Odd; I thought the "numb" meaning was definitely for 麻, since its meanings include "hemp" and "marijuana".

It's interesting that the CantoDict page includes "痲痺", that the Unicode page for 痲 includes an entry from a Japanese-English dictionary 痲痺 = "paralysis/palsy/numbness/stupor" and that the Unicode page for 麻 includes an entry from a Chinese-English dictionary 使麻痺 = "paralyze".

So it all seems rather confusing which, if either, character is "right" for that meaning.

(this of course doesn't mean that it has never appeared on a menu, particularly since a menu using simplified characters would use 麻 anyway).

Is that what the "痲 / 麻" on the CantoDict page implies?

Odd that the Unicode pages don't map 痲 to 麻 as a simplified form.

I'm confused.

Perhaps using 麻 for everything is easiest.

Re: Variant spellings

Date: 2010-05-14 03:08 pm (UTC)
pne: A picture of a plush toy, halfway between a duck and a platypus, with a green body and a yellow bill and feet. (Default)
From: [personal profile] pne
BTW - thank you for linking to those entries.

And apologies if I came over as trying to have the last word or be right; I'm genuinely confused since I thought I knew what was up based on the sources I had consulted, but it appears it wasn't as cut-and-dried as I had assumed.

So I was mostly thinking out loud rather than trying to prove you wrong or something.

*butts in*

Date: 2010-05-14 11:11 pm (UTC)
pulchritude: (14)
From: [personal profile] pulchritude
There's a good number of Chinese words/phrases that can be written with more than one logogram, and 麻/痳 is one of those.
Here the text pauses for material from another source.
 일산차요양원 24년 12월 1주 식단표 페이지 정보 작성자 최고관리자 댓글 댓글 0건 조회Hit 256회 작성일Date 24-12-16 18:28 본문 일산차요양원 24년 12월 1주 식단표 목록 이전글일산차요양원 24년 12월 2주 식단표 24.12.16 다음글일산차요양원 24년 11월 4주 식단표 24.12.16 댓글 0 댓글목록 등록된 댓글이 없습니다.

Both can be used to mean 'numb', though 痳 seems to be more often found in 詞. However, my dictionary (1992 version of 新华字典) is telling me that pockmocked can only be represented by 麻.
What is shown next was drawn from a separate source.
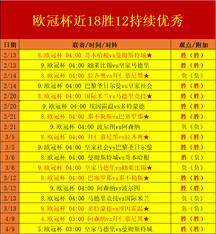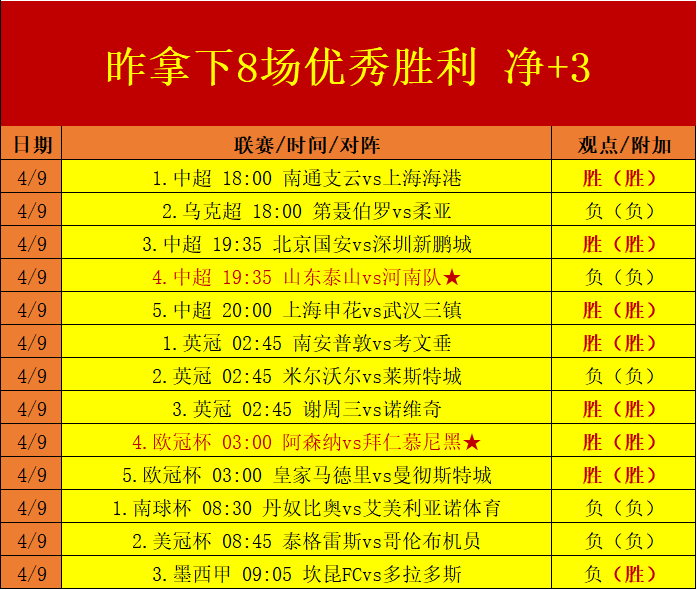 昨天完成赛程8场胜利,早中场的中超板块和欧冠领衔的欧赛精选交出的优秀的数据击中能力!单日取得净+3的正向增长!在过去的半年时间里,笔者交出了连续18个胜利旬计划的增长表现,数据击中能力整体稳定,当中出现微弱的阶段数据调整属于合理范围,总体数据净增依然体现出了数据模块对主流赛程的积极调整能力,本日是4月上旬计划的收官日赛程,本旬主要目标是拿下笔者的第19个胜利增长旬计划,继续保持对数据模块的信任和追踪,才是真正能够收获正向增长的关键动作,本日继续精选值得关注的焦点赛程进行组合冲击,争取尽快与大家携手回到胜利增长轨道!

Also, my dictionary indicates that 麻 is not a simplified version of 痳.

Re: *butts in*

Date: 2010-05-16 07:35 pm (UTC)
pulchritude: (13)
From: [personal profile] pulchritude
The character simplification thing is an Official Government Project, yes, but it's also a project done in more than one stage. There was a stage of simplification done in the 80s that was completely retracted, but some people now still use those logograms...I saw a few the other day, and I was like shit if I saw this irl I'd just stare at it forever and be confused. Plus apparently a few traditional logograms are going to be 'revived' in the next few years, so yeah...:|

Re: *butts in*

Date: 2012-02-03 02:04 pm (UTC)
thatlitgirl: Cameo of a black-bound notebook with pages stuffed in and a ribbon streaming out as a placeholder. (Default)
From: [personal profile] thatlitgirl
This reminds me of learning 狡猾/狡滑 in primary school, and the frustrated teachers telling us to use the older form, since the second way of writing it might be considered non-standard. Hence, I always write it 狡猾 although the textbook used 滑。